Ragnhild Johanne Rensaa, UiT The Arctic University of Norway, Campus Narvik

(This research was supported by a MatRIC Small Research Grant, project number 140605)

Abstract

The research project reported here focuses on making short videos in mathematics and interpretations of the content of such videos. Two series of short videos about a topic in linear algebra have been produced with a particular aim of being relevant for engineering students. Additionally, feedback from a mathematics interested audience about one particular video have been analysed in order to gain knowledge about how mathematical content in videos is being apprehended. The paper reports on experiences gained both from designing and producing videos and from getting feedback about mathematical content from an audience. Based on this, some concluding remarks are given about how the results may prove useful for future video production.

Introduction

The present research project originally had a two-fold aim. One was to design and record two series of short videos in linear algebra. The other was to get feedback about the two series of videos from a selected group of colleague experts. However, as the project developed, it turned out to be valuable to adjust the part about responses from colleagues and instead include results from a pilot study done ahead of making the sets of videos. This pilot study was done by gathering feedback on a YouTube video from a larger group of mathematics interested people. Thus, one part of the project was done differently from that initially intended, where selected colleague experts giving feedback to two sets of recorded videos rather became a larger group of mathematics interested people that gave responses to one short video. There were reasons for making the adjustment: The feedback became more trustworthy when giving response to a video made by an unknown teacher on the web and the larger number of responses represented a greater variety from institutions and thereby a clearer picture of judgements.

The design and making of two sets of mathematical videos, though, was done according to plan. The theme of these sets was basis of general vector spaces. Relevant concepts were presented with slightly different approaches to the mathematics in the two sets, but as far as possible this was the only difference between the designs of the videos in the sets. This was done to enable a comparison between the different approaches.

This report is presented in line with the progress of the research project. First the method is presented, followed by a description of how the content, preparing and production of videos were designed. Next, the response from a pilot expert is discussed. This feedback led attention back to a pilot research project which had been run in an initial stage of the project but had not been properly analysed earlier. An analysis, however, became relevant at this stage, and the results are summarized. Finally, some concluding remarks are given about how the experiences and results may provide useful for future video productions.

Method

The design of videos was done with a comparative aim, in which two contrasting cases are in focus (Bryman, 2004, p. 53). In the present project the cases were the two divergent sets of videos dealing with basis of general vector spaces. The videos were intended for students that need to take a course in linear algebra as part of their studies to become engineers. All videos were approximately of the same length, had the same lecturer to present the content and had similar lecturing formats. Thus, as far as possible, the only difference between the two sets of videos was the slightly different didactical approaches to how the concepts were explained. This made it possible to compare the sets of videos.
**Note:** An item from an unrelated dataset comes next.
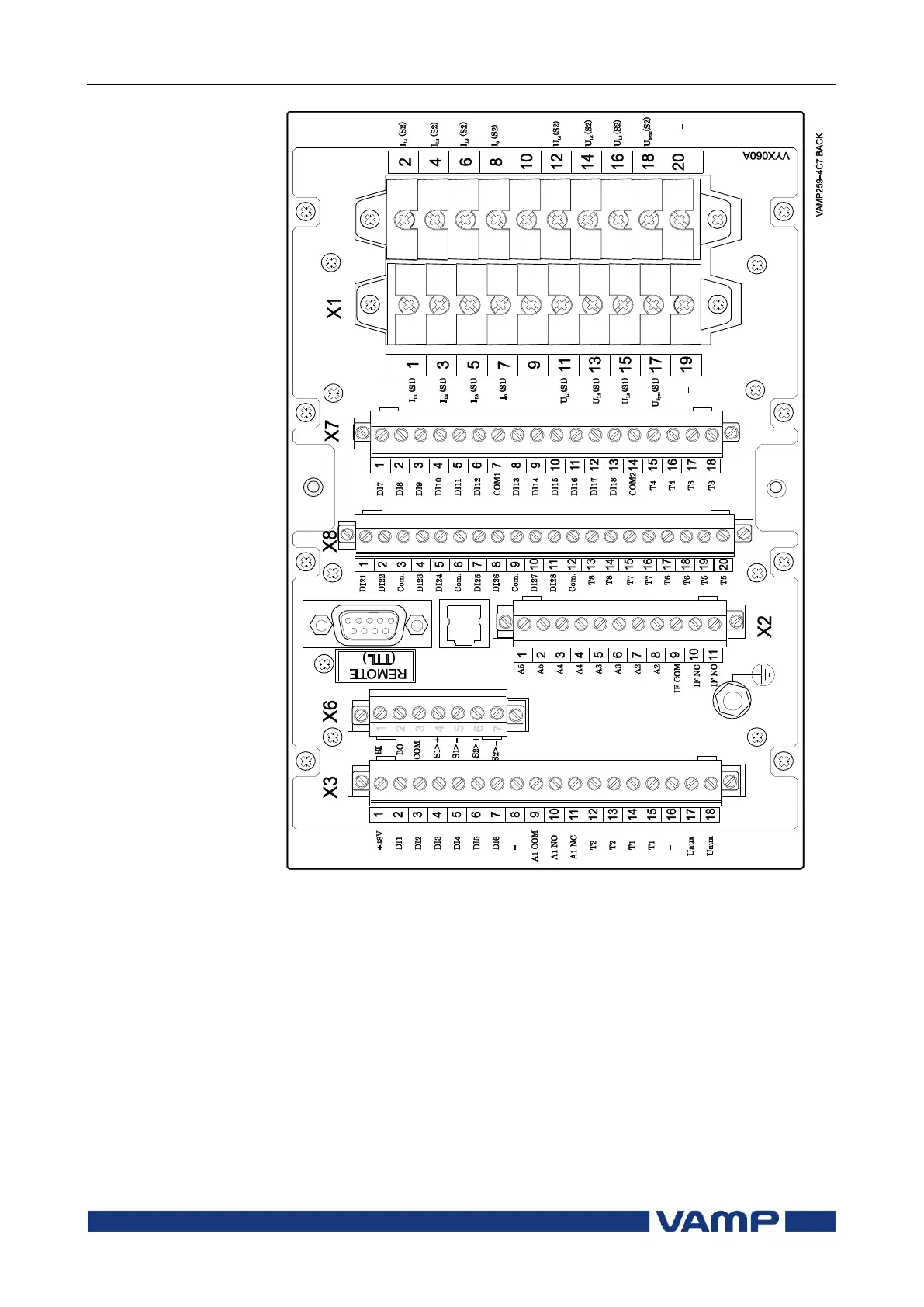 Figure 8.1-2 Connection on the rear panel of the VAMP 259-4C7

The planning of the videos was done with instances of design science involved (Wittmann, 1995). This was since the planning developed in stages: In the pilot study the idea of searching for conceptual and procedural approaches in videos was introduced to a conference audience. Feedback from the audience was consulted when preparing the videos. The next phase was to make some video recordings based on the planning. These first recordings soon revealed the need for tighter planning of video content in order to satisfy more of the media principles set out by Mayer (2005). Thus, a refined planning of content was done before most of the videos where made. Finally, feedback from a pilot expert implied some adjustments and one new video made, before the sets of videos were decided in their final form.
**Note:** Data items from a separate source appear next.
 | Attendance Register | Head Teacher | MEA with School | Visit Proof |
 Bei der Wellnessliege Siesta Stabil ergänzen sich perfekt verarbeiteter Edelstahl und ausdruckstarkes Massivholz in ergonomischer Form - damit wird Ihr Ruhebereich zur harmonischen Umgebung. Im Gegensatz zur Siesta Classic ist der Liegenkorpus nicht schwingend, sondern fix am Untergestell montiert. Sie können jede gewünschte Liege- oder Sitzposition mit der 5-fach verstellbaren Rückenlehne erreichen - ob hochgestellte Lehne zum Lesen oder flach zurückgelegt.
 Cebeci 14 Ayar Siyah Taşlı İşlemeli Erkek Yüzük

As for the collection of data about content of a particular linear algebra video, this was done somewhat out of the ordinary way. The setting was the MatRIC November conference in 2014, and we were giving a presentation at this conference (http://www.matric.no/events/4). In this presentation we introduced and showed a short video from the web, followed by a discussion. Among the wealth of linear algebra teaching videos that can be found on the web, we selected one to use in the session. This was one of the better videos found, produced by MIT, on basis and dimension of a vector space (https://www.youtube.com/watch?v=AqXOYgpbMBM). The video deals with dimension and basis of a vector space spanned by four given vectors. The teacher solves this by letting vectors become rows in a matrix and do Gaussian operations on the obtained matrix. Next, an alternative method is shortly presented, here the vectors are put as columns in a matrix instead of rows, but with a rather similar procedure to solve the case. We analysed this video by splitting in sections, describing steps in the progress of the video. These headlines were put on two sheets of paper with 5 cm space between in order to provide room for comments. Each person in the audience of our session at the MatRIC conference was given copies of these two pages of headings and asked the following question: "Can you locate which parts of the video that you interpret as being procedural and which parts being conceptual? Please explain you answers shortly". We introduced web-videos about linear algebra in general and the MIT-video in particular, and then presented the MIT-video. Afterwards the audience was given some additional time to write their comments on each video section on the distributed papers. Then we initiated a discussion about the video in plenary before collecting the responses at the end of the session. All together 18 replies were submitted.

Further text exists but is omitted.